- [Task directions] Nothing but an exact repeat of the data, with pictures removed, belongs in the answer.

- [Source material]

----

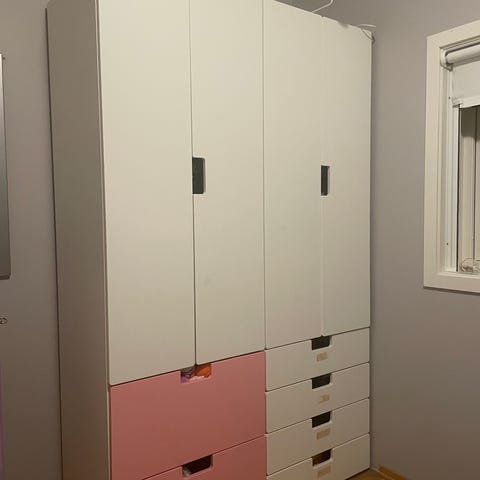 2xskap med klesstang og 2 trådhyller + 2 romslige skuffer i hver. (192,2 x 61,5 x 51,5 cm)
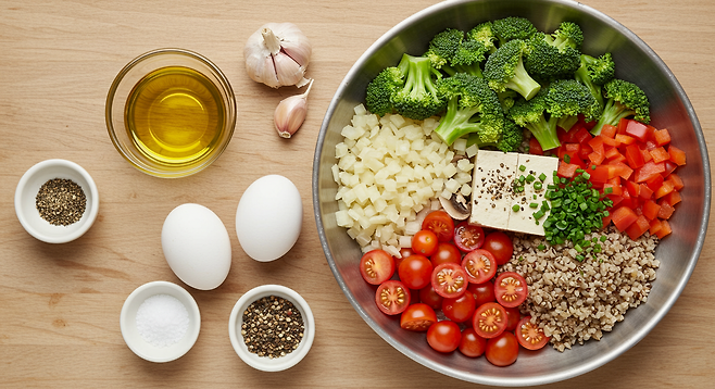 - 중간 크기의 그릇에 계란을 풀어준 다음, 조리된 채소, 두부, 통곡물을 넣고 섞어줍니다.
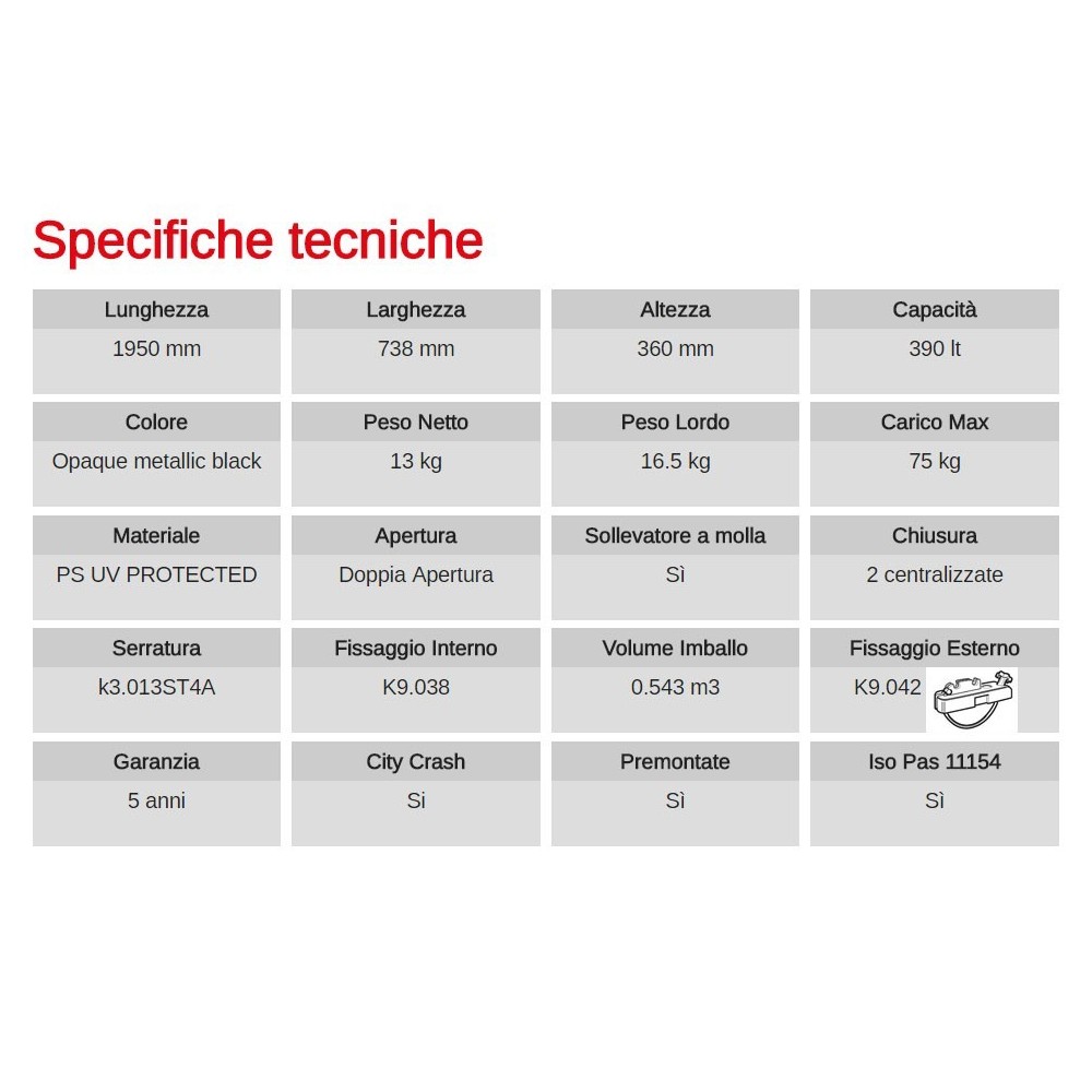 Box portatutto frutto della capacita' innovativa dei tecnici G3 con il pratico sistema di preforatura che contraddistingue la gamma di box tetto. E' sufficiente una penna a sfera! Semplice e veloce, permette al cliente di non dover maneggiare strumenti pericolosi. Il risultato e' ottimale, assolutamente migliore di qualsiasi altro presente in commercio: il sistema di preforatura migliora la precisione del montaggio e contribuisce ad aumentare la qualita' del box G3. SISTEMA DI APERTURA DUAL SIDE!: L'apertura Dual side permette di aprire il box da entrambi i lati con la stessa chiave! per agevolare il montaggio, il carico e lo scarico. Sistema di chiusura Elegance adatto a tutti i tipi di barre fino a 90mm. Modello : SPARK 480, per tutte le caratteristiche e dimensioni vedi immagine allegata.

----

- [Exercise output]
 2xskap med klesstang og 2 trådhyller + 2 romslige skuffer i hver. (192,2 x 61,5 x 51,5 cm)
 - 중간 크기의 그릇에 계란을 풀어준 다음, 조리된 채소, 두부, 통곡물을 넣고 섞어줍니다.
 Box portatutto frutto della capacita' innovativa dei tecnici G3 con il pratico sistema di preforatura che contraddistingue la gamma di box tetto. E' sufficiente una penna a sfera! Semplice e veloce, permette al cliente di non dover maneggiare strumenti pericolosi. Il risultato e' ottimale, assolutamente migliore di qualsiasi altro presente in commercio: il sistema di preforatura migliora la precisione del montaggio e contribuisce ad aumentare la qualita' del box G3. SISTEMA DI APERTURA DUAL SIDE!: L'apertura Dual side permette di aprire il box da entrambi i lati con la stessa chiave! per agevolare il montaggio, il carico e lo scarico. Sistema di chiusura Elegance adatto a tutti i tipi di barre fino a 90mm. Modello : SPARK 480, per tutte le caratteristiche e dimensioni vedi immagine allegata.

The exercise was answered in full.